BioShock is a bit of a mixed bag.
On the one hand, you have the incredible world of Rapture, the sunken art-deco metropolis constructed as a testament to founder Andrew Ryan's lunacy. Teeming with tortured souls, this dilapidated dystopian world groans under the weight of the Atlantic Ocean, setting the scene for some of the scariest, most spine-chilling action ever seen in a first-person shooter.
On the other hand, you have to listen to the subtle criticism levelled at a game that never quite managed to match the story depth adequately to the phenomenal surroundings. One could also point out the lack of gameplay innovation and the chore-based mission structure, but we're not here to apply 20/20 hindsight to last year's blockbuster. The real question here is why 2K has deemed it necessary to release a done-and-dusted game back into the wild on a new platform?
Those hoping for any graphical advances over the Xbox 360 version will be out of luck - not only has 2K confirmed that there is very little difference between the console versions, we certainly couldn't spot anything that made the PS3 preview code any prettier than what has already come before. Both versions are stunning, but if state-of-the-art graphics are your thing then you've probably already played the PC version to death anyway.
Perhaps the answer then lies in the additional content we've been promised for the PS3 release? Well, not really. Sure, there's a new "challenge room" series of puzzles that are designed to get you thinking more about the interaction between weapons, plasmids and environmental objects (the lack of complexity of which was a criticism often levelled at BioShock on other platforms) but as these puzzles don't tie in with the original story in any measurable way they're not exactly going to be a selling point, fun as they may be.
Could the inclusion of a hardcore difficulty setting entitled "Survivor" provide enough of a reason for previous BioShock gamers to brave the watery depths once more? It seems unlikely. Despite the highly accurate maxim "every bullet counts" and the thrifty dispersement of any environmental aid that could possibly be considered beneficial, what we really want - what we've wanted since we clocked it last year - is a new story. New content that captures the man-made hell of Rapture and transports us back to the world of Ryan, Atlas, Big Daddies and Little Sisters. Something that we think twice about playing after dark, and most definitely something that provides us with the same deep moralistic choices, the same gratification and glorious celebration of mindless violence that captured our attention in 2007.
Of course, if you belong to the subset of the gaming public that owns a PS3 and has never played through BioShock, then all bets are off - you'll take to this like a fish to water.

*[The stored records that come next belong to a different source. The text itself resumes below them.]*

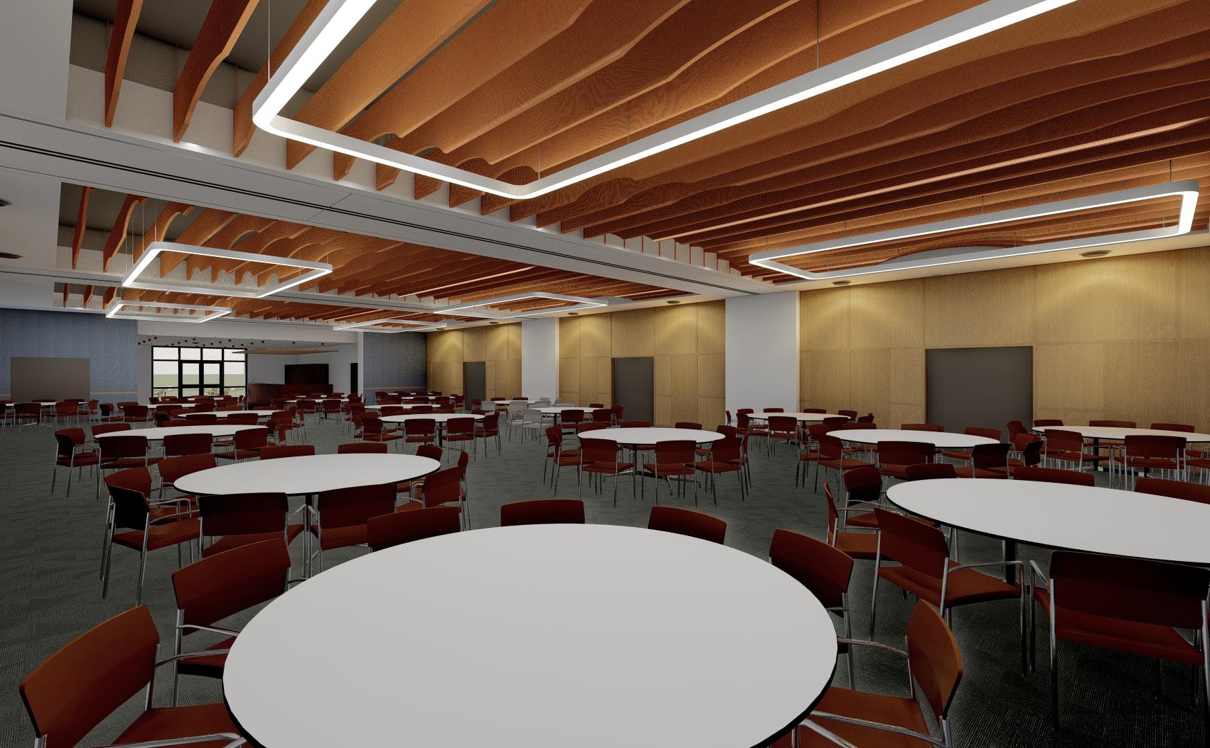 The project realigns the entry sequence to create a true arrival point with a common pre-event space and makes improvements to circulation throughout the Club. The heart of the facility, the event center is reconfigured to have better proportions and the existing movable wall partition system is replaced by a system with better acoustic performance and with no loss of floor plan area dedicated to storage of wall panels. The event center also features a new design concept honoring the history of aviation and the role of Beale Air Force Base in our nationās history.
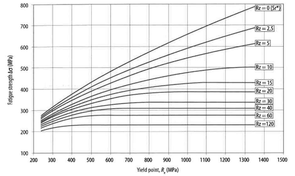 특히, 특정 Rz 값에서 특정 항복 강도에서의 피로 강도가 더 이상 증가하지 않고 수평을 유지하는 것을 확인할 수 있는데 해당 지점은 균열이 발생되어 균열 성장이 시작된 시점이라고 볼 수 있습니다.
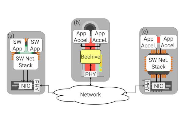 “Direct-attached accelerators, where application accelerators are directly connected to the data centre network via a hardware network stack, offer substantial benefits in terms of reduced latency, CPU overhead, and energy use,” Katie and colleagues from the University of Washington and Microsoft Research explain in an abstract to their paper introducing Beehive. "However, a key challenge is that modern data centre network stacks are complex, with interleaved protocol layers, network management functions, and virtualisation support. To operators, network feature agility, diagnostics, and manageability are often considered just as important as raw performance. By contrast, existing hardware network stacks only support basic protocols and are often difficult to extend since they use fixed processing pipelines.
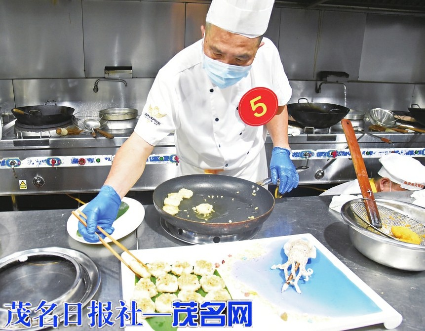 而在自选菜品烹饪环节,葭蒌叶香米焗大虾、脆皮和平鸽、荔园黄金卷、松仁香煎博贺墨鱼饼、黄皮酱香骨等佳肴,再次挑逗大家的味蕾。粤菜师傅们各出花招,红烧、爆炒、清蒸……让新式烹饪技巧与茂名传统食材擦出火花,将高凉美食的魅力和精髓表现得淋漓尽致。

Despite reservations about the complications surrounding PS3 game development (other developers manage to launch Unreal Engine 3.0 titles simultaneously across all platforms at release date - what happened here?) the reason for the belated PS3 attempt could simply be in marketing. 2K know they're sitting on a goldmine with BioShock's intellectual property, and as they've previously announced the development of BioShock 2, BioShock 3 and a yet-to-be-titled movie (BioShock, perhaps?) it makes sense to keep the title in the public consciousness by releasing new material every so often. With this in mind, we should probably expect a mobile version shortly.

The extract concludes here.